When someone asked him about his lack of salty quips, Iannucci said that his previous political satires required it. “Those are stories about worlds where people swear a lot,” he explained. “And it’s becoming increasingly obvious why: because we’re fucked.” David Copperfield is his corrective, a story where desperate people survive only by learning how to live together. “If we don’t do that, then we’re going to be double-fucked,” he said. “And I would like to un-fuck you.”
Glimpses of redemption dotted TIFF, like Rian Johnson’s whodunnit hoot Knives Out, a giddy restoration of the murder mystery that uses inherited wealth and white privilege as the corroded fulcrum for his twisty, pro-immigrant thriller. Or Marielle Heller’s A Beautiful Day in the Neighborhood, starring Tom Hanks as venerated children’s TV host Fred Rogers whose plucky profundities transform the life of a deeply cynical journalist.
There were even two-handers like The Two Popes, an affectionate chronicle of the unlikely friendship between outgoing conservative Pope Benedict XVI (Anthony Hopkins) and the future liberal Pope Francis (Jonathan Pryce). Or Noah Bambauch’s lacerating but devastatingly empathetic dissection of a couple’s bicoastal divorce, with Scarlett Johannson and Adam Driver delivering career-best performances.

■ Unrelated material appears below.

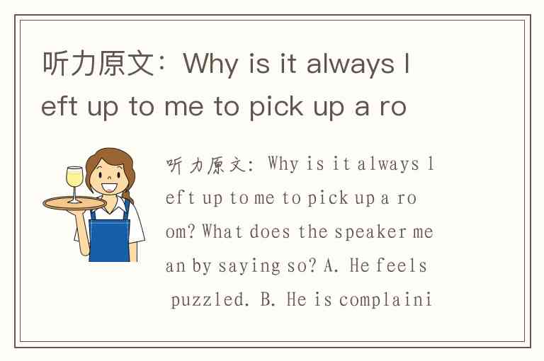 听力原文:Why is it always left up to me to pick up a room? What does the speaker mean by saying so? A. He feels puzzled. B. He is complaining. C. He is inquisitive. D. He is unsatisfied.

If these people can find common ground despite wildly different worldviews, then there’s got to be hope for the world.
And Now the End is Near
Unless, of course, that world has a Joker. Todd Phillips’ gangrenous take on Batman’s arch-villain arrived at TIFF with a tsunami of thought pieces out of Venice, not to mention the coveted Golden Lion. Other recent Venice winners: Academy Award recipients Roma and The Shape of Water. And Joaquin Phoenix’s burn-it-all-down portrayal of the psychopath with the hyena laugh is convincingly chilling. TIFF even gave an acting award to Phoenix for his body of work. So, yes, Joker is now one of Oscar’s front-runners.

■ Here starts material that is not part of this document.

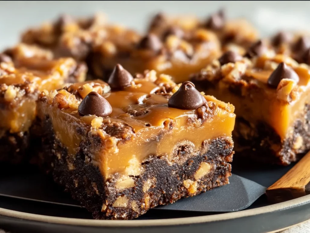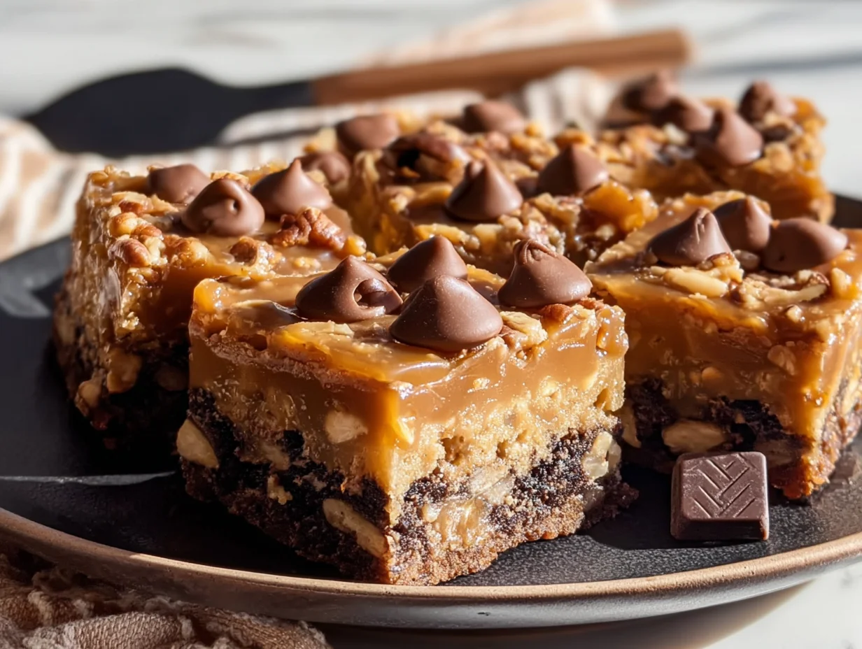 What makes them so special? It’s all about the layers. You’ve got a chewy brown sugar base made from German chocolate cake mix, a generous ribbon of buttery caramel, gooey chocolate chips, and just enough nuts for crunch (if that’s your thing). The top layer is patched on like a cozy blanket, letting the caramel peek through in the most irresistible way. Best part? They’re crazy simple to make.

That’s a deeply unsettling thought. And no, not because it’s a comic book movie. The Dark Knight and Black Panther have clearly proven that superheroes deserve acclaim. But what Phillips and Phoenix have created has a dark energy unlike any in a major Hollywood release. The film is reflecting and amplifying a palpable rage in this world, a frustration that builds and builds until it explodes with a woozy, stomach-churning intensity. Yes, it pays homage to Scorsese masterworks like Taxi Driver and King of Comedy, evoking those films’ urban rot and mental meltdown. But Joker isn’t looking for understanding, nor does it offer any sense of redemption. It wants oblivion. And if the film becomes a zeitgeist hit, then Iannucci might be absolutely right. We’re all double-fucked. No joke.